Почему так вышло? Дмитрий не мог добиться толку от Малявки, тот только разводил руками и бормотал, что бригада наверстает свое.

Единственное, что понравилось Дмитрию, это то, что трассу начали строить с дальнего конца. Таким образом, бригада будет двигаться к дому, а это всегда воодушевляет.

Дмитрий повернулся к Сидорову.

– Ну, что? Подкинем нашего бригадира к вагончику, а сами проскочим до Рыбхоза? Здесь, кажется, недалеко?

– Совсем рядом, – обрадовался чему-то Сидоров.
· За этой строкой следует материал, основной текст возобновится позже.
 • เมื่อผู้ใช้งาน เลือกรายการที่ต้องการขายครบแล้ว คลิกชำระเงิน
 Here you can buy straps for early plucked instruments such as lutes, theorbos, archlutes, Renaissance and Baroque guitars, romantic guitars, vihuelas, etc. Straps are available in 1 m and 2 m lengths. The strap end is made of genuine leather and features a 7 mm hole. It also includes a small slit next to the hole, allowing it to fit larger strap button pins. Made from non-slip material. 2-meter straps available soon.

Рыбхоз оказался крупным поселком, застроенным, правда, без всякой системы. Улицы пыльные, дома глиняные или саманные, реже кирпичные. В центре – несколько магазинов, клуб, гараж, баня. Дувалы, вдоль которых пасутся коровы и овцы. Каждый дом в окружении могучих деревьев, чаще орешин. На ветвях уже завязались тяжелые зеленые плоды. Много орешин росло прямо на улице.

На противоположном конце поселка дома – просторные, с большими окнами – стояли по линеечке, как солдаты.
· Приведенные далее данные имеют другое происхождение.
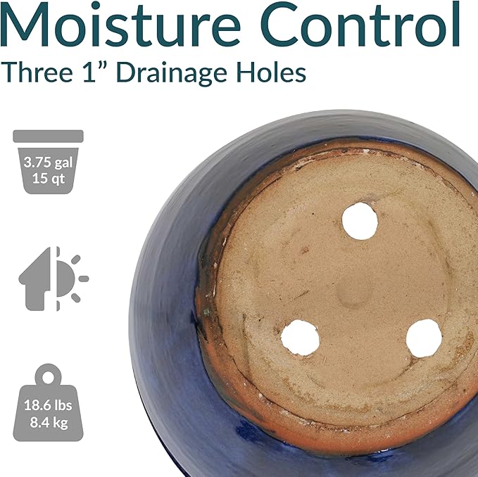 - DESIGNED FOR BEAUTY AND DURABILITY: This outdoor plant pot is crafted with a rich, hand-painted glazed finish that is kiln-fired for a classic, shining appearance. Subtle variations in color highlight the artisanal glazing process, making each piece truly unique. The durable ceramic construction offers natural UV and frost resistance, while its heavy weight adds stability to outdoor arrangements, keeping the planter upright in windy conditions.

А впереди блестело в солнечных лучах широкое синее озеро. По мелкой ряби сновали рыбацкие лодки. Плескалась крупная, сильная рыба. Берег порос зеленой, сочной травой, не потерявшей благодаря близости к воде, своей свежести. Шелестели камышовые заросли.

У самого берега, там, где кончалась дорога, стояли три длинных, щедро крытых соломой амбара. Тут же двухэтажное деревянное здание. Рядом куча кирпича, бетонные плиты. Шло строительство.
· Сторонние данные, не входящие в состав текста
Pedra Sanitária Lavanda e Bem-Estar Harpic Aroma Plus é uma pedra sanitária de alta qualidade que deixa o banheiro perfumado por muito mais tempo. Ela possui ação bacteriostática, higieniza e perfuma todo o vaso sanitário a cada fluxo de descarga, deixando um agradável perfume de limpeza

Напротив амбара тянулась деревянная пристань. Из лодок выгружали в тачки рыбу. По деревянным помостам тачки везли к весам, а затем в широкие зевы амбаров.

Директор рыбзавода был молод, но судя по тому, что седоусые рыбаки прибавляли к его имени приставку «ака», он пользовался здесь уважением. По-русски Рузмет-ака говорил безукоризненно.

Он крепко, по-товарищески пожал руку Дмитрию и улыбнулся:

– Наконец-то от вашей фирмы прибыл серьезный человек. Заезжал к нам некто прораб Самусенко. Говорил много, все вокруг да около, наобещал с три короба, потом попросил рыбы и уехал. Так я его больше и не видел.

Дмитрий ответил, что приехал по двум причинам. Первая – познакомиться с директором рыбхоза. Это естественно, он – новый прораб и будет отныне заниматься стройкой высоковольтной линии. Вторая причина – узнать, заинтересована ли администрация завода в быстрейшем завершении работ по трассе.

Директор даже руками всплеснул. Заинтересованы ли они?! Да знает ли Дмитрий-ака, представляет ли он себе, что значит для Рыбхоза энергия?! Дизели держат завод в узких рамках, не дают развернуться. Да и накладно это, неэкономично. Два года назад перед ними стояли две проблемы – энергия и дорога. Дорогу они пробили, теперь на очереди энергия.

Он начал показывать Дмитрию графики и диаграммы роста улова сазана, судака, леща. Рассказывал о коптильных цехах, которые скоро войдут в строй, о выпуске консервов, что тоже не за горами. Им нужна энергия, энергия и еще раз энергия и тогда они завалят рыбой не только Райцентр и Шодлик, но и всю область. Словом, если строителям требуется помощь…

– Да, помощь нужна, – ответил Дмитрий. – Прежде всего хотелось бы подключить наши вагончики к вашей сети.

– О чем разговор! Хоть сегодня.

– Спасибо! – с ударением произнес Дмитрий. Признаться, он не ожидал такой легкой победы. – А почему вы раньше не давали разрешения?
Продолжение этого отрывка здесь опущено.